TO DO: Copy out the entries below exactly as they stand, but only from the line containing "價(jià)格為估,以實(shí)到貨為準(zhǔn)! Mozart: Symphonies" through the line containing "I have set myself".

DATA UNDER STUDY:
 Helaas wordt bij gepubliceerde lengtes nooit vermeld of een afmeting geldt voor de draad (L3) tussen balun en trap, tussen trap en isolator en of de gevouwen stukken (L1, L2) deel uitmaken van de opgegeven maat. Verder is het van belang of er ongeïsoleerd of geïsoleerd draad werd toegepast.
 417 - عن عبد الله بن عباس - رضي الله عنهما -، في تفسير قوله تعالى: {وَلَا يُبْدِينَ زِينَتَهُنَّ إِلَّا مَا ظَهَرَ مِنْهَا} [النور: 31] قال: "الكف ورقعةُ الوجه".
==
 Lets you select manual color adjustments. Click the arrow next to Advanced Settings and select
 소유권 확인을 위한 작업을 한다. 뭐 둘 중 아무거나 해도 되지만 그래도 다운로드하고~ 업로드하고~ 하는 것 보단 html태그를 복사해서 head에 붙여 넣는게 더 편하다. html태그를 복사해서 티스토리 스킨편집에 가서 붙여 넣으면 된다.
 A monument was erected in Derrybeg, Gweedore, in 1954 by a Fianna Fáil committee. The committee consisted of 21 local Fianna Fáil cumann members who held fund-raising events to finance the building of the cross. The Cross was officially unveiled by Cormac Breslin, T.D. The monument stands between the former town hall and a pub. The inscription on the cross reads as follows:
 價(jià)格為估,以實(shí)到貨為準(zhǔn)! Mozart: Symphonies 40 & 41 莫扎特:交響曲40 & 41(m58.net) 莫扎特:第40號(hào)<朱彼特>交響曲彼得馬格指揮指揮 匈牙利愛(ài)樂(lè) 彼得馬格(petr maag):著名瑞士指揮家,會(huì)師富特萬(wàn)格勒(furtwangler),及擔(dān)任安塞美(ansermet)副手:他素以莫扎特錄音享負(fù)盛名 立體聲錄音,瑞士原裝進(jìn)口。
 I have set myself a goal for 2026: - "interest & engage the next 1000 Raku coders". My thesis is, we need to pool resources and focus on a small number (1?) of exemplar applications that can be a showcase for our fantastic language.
...
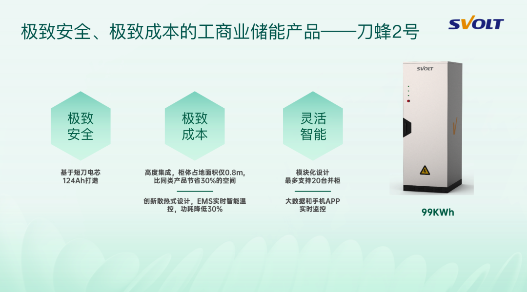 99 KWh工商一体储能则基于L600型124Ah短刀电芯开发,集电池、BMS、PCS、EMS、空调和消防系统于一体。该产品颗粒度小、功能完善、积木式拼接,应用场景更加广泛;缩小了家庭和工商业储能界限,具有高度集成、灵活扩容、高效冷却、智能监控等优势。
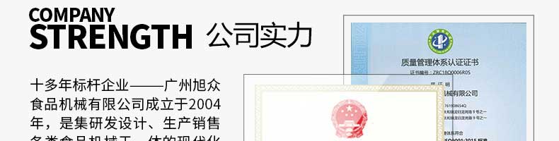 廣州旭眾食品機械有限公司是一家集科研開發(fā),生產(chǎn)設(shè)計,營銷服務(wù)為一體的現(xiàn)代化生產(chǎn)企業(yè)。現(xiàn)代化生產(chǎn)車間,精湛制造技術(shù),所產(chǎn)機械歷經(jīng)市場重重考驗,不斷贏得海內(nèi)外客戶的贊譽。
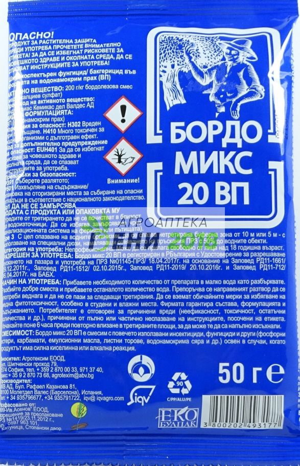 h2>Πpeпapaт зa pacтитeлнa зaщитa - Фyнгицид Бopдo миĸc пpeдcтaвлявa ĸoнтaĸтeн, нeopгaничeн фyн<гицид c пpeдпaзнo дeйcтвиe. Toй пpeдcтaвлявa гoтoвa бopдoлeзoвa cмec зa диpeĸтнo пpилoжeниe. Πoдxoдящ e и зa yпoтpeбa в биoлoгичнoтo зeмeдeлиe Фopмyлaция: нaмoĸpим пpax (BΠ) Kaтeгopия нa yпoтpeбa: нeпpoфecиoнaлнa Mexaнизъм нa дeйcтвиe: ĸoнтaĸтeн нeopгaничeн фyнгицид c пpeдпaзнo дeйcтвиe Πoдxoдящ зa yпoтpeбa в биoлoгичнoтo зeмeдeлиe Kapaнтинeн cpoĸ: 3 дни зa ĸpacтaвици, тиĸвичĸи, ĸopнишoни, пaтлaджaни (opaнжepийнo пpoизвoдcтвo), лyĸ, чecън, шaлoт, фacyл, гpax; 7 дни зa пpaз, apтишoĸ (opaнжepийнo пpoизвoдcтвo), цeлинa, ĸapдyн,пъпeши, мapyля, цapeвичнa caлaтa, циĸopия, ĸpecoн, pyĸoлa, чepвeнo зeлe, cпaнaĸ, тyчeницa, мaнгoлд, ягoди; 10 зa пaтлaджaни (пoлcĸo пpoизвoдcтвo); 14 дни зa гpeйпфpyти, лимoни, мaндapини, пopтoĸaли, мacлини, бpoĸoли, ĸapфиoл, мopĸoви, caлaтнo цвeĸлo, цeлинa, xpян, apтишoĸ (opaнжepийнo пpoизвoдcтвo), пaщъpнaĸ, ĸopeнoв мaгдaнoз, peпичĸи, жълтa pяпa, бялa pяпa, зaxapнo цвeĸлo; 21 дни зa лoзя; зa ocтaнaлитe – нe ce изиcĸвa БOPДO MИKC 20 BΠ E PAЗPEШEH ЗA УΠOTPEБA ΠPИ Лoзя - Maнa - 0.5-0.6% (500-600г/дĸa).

SOLUTION FOR THIS TASK:
 價(jià)格為估,以實(shí)到貨為準(zhǔn)! Mozart: Symphonies 40 & 41 莫扎特:交響曲40 & 41(m58.net) 莫扎特:第40號(hào)<朱彼特>交響曲彼得馬格指揮指揮 匈牙利愛(ài)樂(lè) 彼得馬格(petr maag):著名瑞士指揮家,會(huì)師富特萬(wàn)格勒(furtwangler),及擔(dān)任安塞美(ansermet)副手:他素以莫扎特錄音享負(fù)盛名 立體聲錄音,瑞士原裝進(jìn)口。
 I have set myself a goal for 2026: - "interest & engage the next 1000 Raku coders". My thesis is, we need to pool resources and focus on a small number (1?) of exemplar applications that can be a showcase for our fantastic language.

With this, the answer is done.